If a financial institution representative informs you that a “court order” or “QDRO” is required to divide an IRA, then your client should provide the financial institution with a copy of the Judgment and MSA which will suffice as the court order. A letter of instruction or other forms will still be necessary, but as far as providing a court order, the Judgment and MSA will satisfy the requirement of a court order.
The good news for family law attorneys is that the process for dividing an IRA is more simplified than having a QDRO prepared. However, there are two aspects unique to IRAs that should be kept in mind:
Early withdrawal penalties apply.
Unlike the transfer of plan benefits with a QDRO, there is no exception in the Internal Revenue Code that permits a spouse to avoid the early withdrawal penalty of 10% (federal) and 2.5% (California) when receiving a distribution of IRA benefits prior to reaching age 59½. In other words, if an IRA holder desires to cash out their benefits prior to reaching age 59 ½, there will be a 12.5% penalty and the distribution amount will be taxed at ordinary income tax rates. For clarity, it should be noted that if the IRA benefits are merely being “rolled over” using a “trustee-to-trustee transfer” from one spouse’s IRA to the other spouse’s IRA, then there is no tax consequence on that transfer and the benefits are held in the receiving spouse’s IRA as pre-tax benefits.
In contrast, the Internal Revenue Code provides under section 79(t)(2)(C) that a QDRO qualifies for an exception to the early withdrawal penalty. Therefore, if the parties are planning to take any distributions of retirement benefits prior to age 59½, it may be preferable to do an equalizing assignment with a QDRO rather than equalizing benefits with an IRA.
A tax statement is recommended.
A signed “letter of instruction” with tax language is still recommended when an IRA is divided. Although a QDRO is not necessary, it is still important to document the IRA transfer in the event that the IRS or Franchise Tax Board conducts and audit of the IRA transfer.
The typical tax statement will contain something similar to the following:
IRA Holder is the former spouse of Recipient. Both IRA Holder and Recipient acknowledge that this assignment is incident to divorce within the meaning of Internal Revenue Code section 1041. This assignment is related to the cessation of the marriage because this assignment is required by the Marital Settlement Agreement entered into between the IRA Holder and the Recipient. After the transfer, the Recipient shall be solely responsible for all income taxes or
other tax consequences, if any, associated with the subsequent distribution of the assets to Recipient.

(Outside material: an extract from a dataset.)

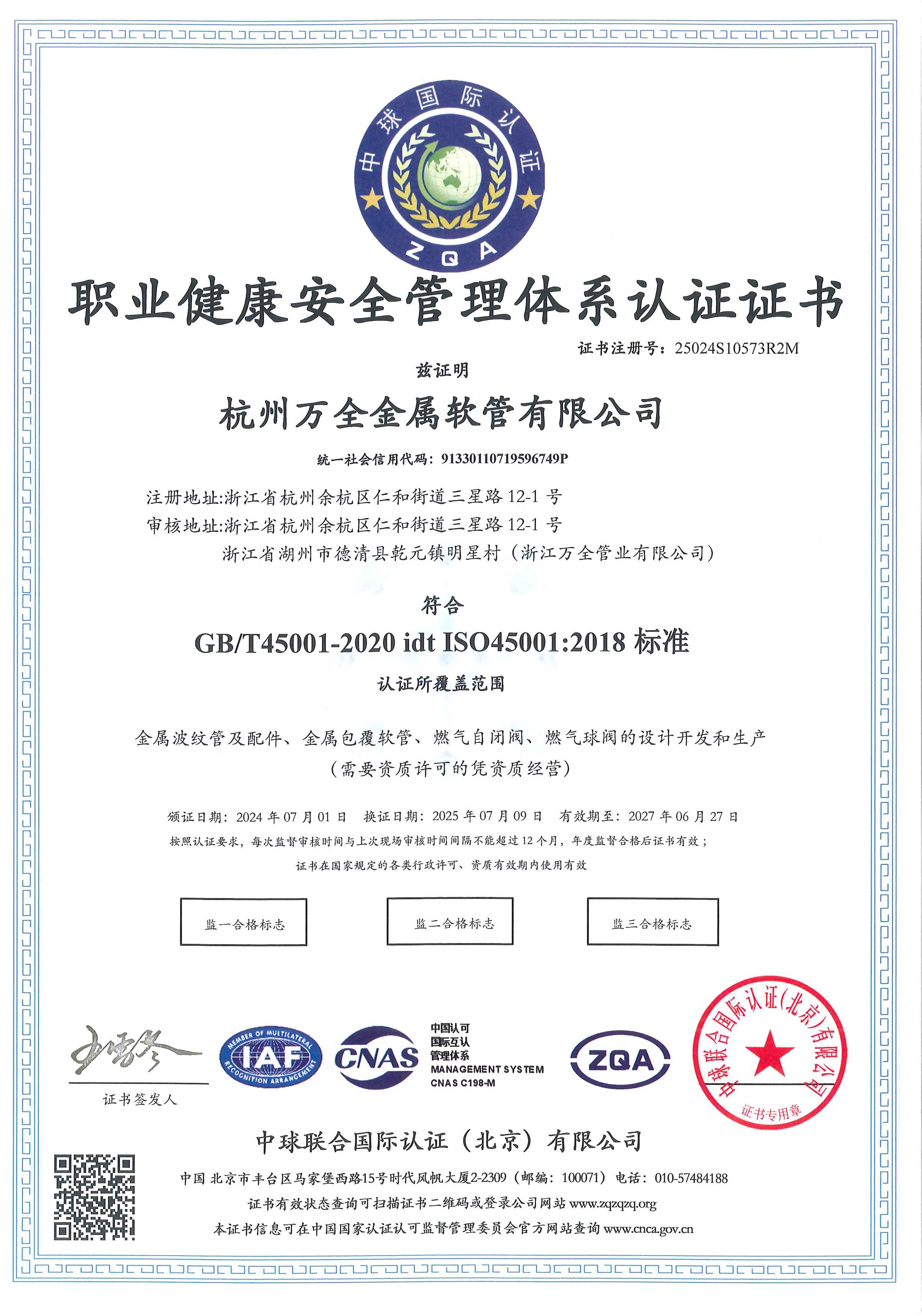 ISO45001职业健康安全管理体系认证证书

For reference, the above language is intended to comply with the Internal Revenue Code section that provides for the tax free transfer of IRAs between spouses pursuant to divorce which is section 408(d)(6). The meat of Internal Revenue Code section 408(d)(6) is as follows:
(6) Transfer of account incident to divorce The transfer of an individual’s interest in an individual retirement account or an individual retirement annuity to his spouse or former spouse under a divorce or separation instrument described in subparagraph (A) of section 71(b)(2) is not to be considered a taxable transfer made by such individual notwithstanding any other provision of this subtitle, and such interest at the time of the transfer is to be treated as an individual retirement account of such spouse, and not of such individual. Thereafter such account or annuity for purposes of this subtitle is to be treated as maintained for the benefit of such spouse.
What is the end result? The division of an IRA does not require a QDRO; however, a tax statement should accompany the IRA transfer documentation to document compliance with IRC section 408(d)(6) if the IRS or Franchise Tax Board conducts an audit.